The 49× claim: Sourced from the monorepo diagram caption (“Next.js monorepo: 27,732 files funnelled through code-review-graph down to ~15 files — 49x fewer tokens”). The diagram is a static image asset (diagrams/diagram6_monorepo_funnel.png); the 49× figure is not backed by a benchmark config or harness entry. It should not be cited without independent reproduction. (attempted — inconclusive)

MRR 0.35: The tool’s own benchmarks report MRR 0.35 for keyword search. The MRR harness is implemented in code_review_graph/eval/benchmarks/search_quality.py using reciprocal rank against expected qualified-name substrings from YAML configs. The score is consistent with known limitations of FTS5 on module-pattern naming (express module exports return 0 hits). (partially verified — methodology confirmed in source; numeric value not re-executed)

Status: The eval runner is present and executable (pip install code-review-graph[eval] + code-review-graph eval --all).
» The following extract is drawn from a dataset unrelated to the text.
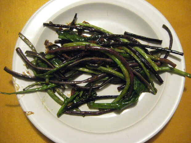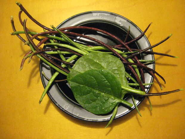 Comer las habas es la mejor parte de todo el proceso. Se pueden comer crudos, justo al lado de la planta, pero también puede cocinar los frijoles. Mi método favorito de la cocina es cortar y limpiar las judías, luego revuelva fríen con ajo, cebollas, espinaca malabar casa crecido, semillas de sésamo y un poco de mantequilla y salsa de soja o hoisin. Cuando cocinado de esta manera, los granos pueden ser comidos solo o pueden ser cubiertos sobre arroz o pasta para una comida completa.

The 8.2× average and 0.7×–16.4× range are directionally consistent with the methodology and the design. No independent execution was performed in this session; the per-repo table is self-reported but backed by a reproducible harness. See benchmarks/sources/tirth8205-code-review-graph-repro.md for reproduction instructions.

Indexing speed (as reported, not verified)

Incremental updates reported as under 2 seconds. README cites a 2,900-file project re-indexing in under 2 seconds. Build performance benchmark in code_review_graph/eval/benchmarks/build_performance.py measures full build time; incremental timing is not separately benchmarked.

Source review

Architecture (verified)

The package is organised as a single Python package (code_review_graph/) with the following key modules confirmed in source:

main.py — FastMCP server entry point (stdio transport). Registers 24 tools and 5 prompts. Uses asyncio.to_thread for 5 heavy tools to prevent event-loop blocking on Windows (added v2.3.1).
parser.py — Tree-sitter multi-language AST parser. EXTENSION_TO_LANGUAGE dict at line 74 contains 38 extension mappings across 22 distinct language backends (Python, JavaScript, TypeScript, TSX, Go, Rust, Java, C#, Ruby, C, C++, Kotlin, Swift, PHP, Scala, Solidity, Vue, Dart, R, Perl, Lua, LuaU, Objective-C, Bash, Elixir, notebook). The README still states “19 languages” — it was not updated when Elixir, Objective-C, and Bash/Shell were added in v2.3.0.
graph.py — SQLite-backed graph store. Blast-radius analysis implemented as a SQLite recursive CTE (WITH RECURSIVE impacted(node_qn, depth) AS (...)) walking both forward and backward edges up to MAX_IMPACT_DEPTH. A legacy NetworkX BFS path exists and is selectable via CRG_BFS_ENGINE=networkx.
communities.py — Leiden algorithm via igraph.Graph.community_leiden(objective_function="modularity", weights="weight", n_iterations=2). Falls back to file-path grouping when igraph is not installed. Edge weights are typed: CALLS=1.0, INHERITS=0.8, IMPLEMENTS=0.7, DEPENDS_ON=0.6, TESTED_BY=0.4, IMPORTS_FROM=0.5, CONTAINS=0.3.
eval/ — Full benchmark harness. Five benchmark types: token_efficiency, impact_accuracy, flow_completeness, search_quality, build_performance. Six YAML configs (express, fastapi, flask, gin, httpx, nextjs) with pinned commit SHAs and search queries. The runner clones repos, builds graphs, and writes CSV results to evaluate/results/.
tools/ — Tool implementations split across: build.py, context.py, query.py, review.py, flows_tools.py, community_tools.py, refactor_tools.py, registry_tools.py, docs.py, _common.py.
visualization.py — D3.js interactive HTML graph generator (79 KB; embeds a full force-directed graph template with SRI-hashed CDN script tag).
migrations.py — SQLite schema migrations v1–v5; WAL mode enabled.

Tool count discrepancy

The README and triage both report 22 tools. Source (main.py) has 24 @mcp.tool() decorators. The two undocumented tools are:

get_minimal_context_tool — The recommended entry point per CLAUDE.md: “First call: get_minimal_context(task="<description>") — costs ~100 tokens, gives you the full picture.” Returns a compact structural summary to guide subsequent tool selection. Not listed in the README tool table.
run_postprocess_tool — Triggers community detection, flow analysis, and optional embedding computation after a graph build. Added as a separate async tool in v2.3.1 to allow background post-processing without blocking. Not listed in the README tool table.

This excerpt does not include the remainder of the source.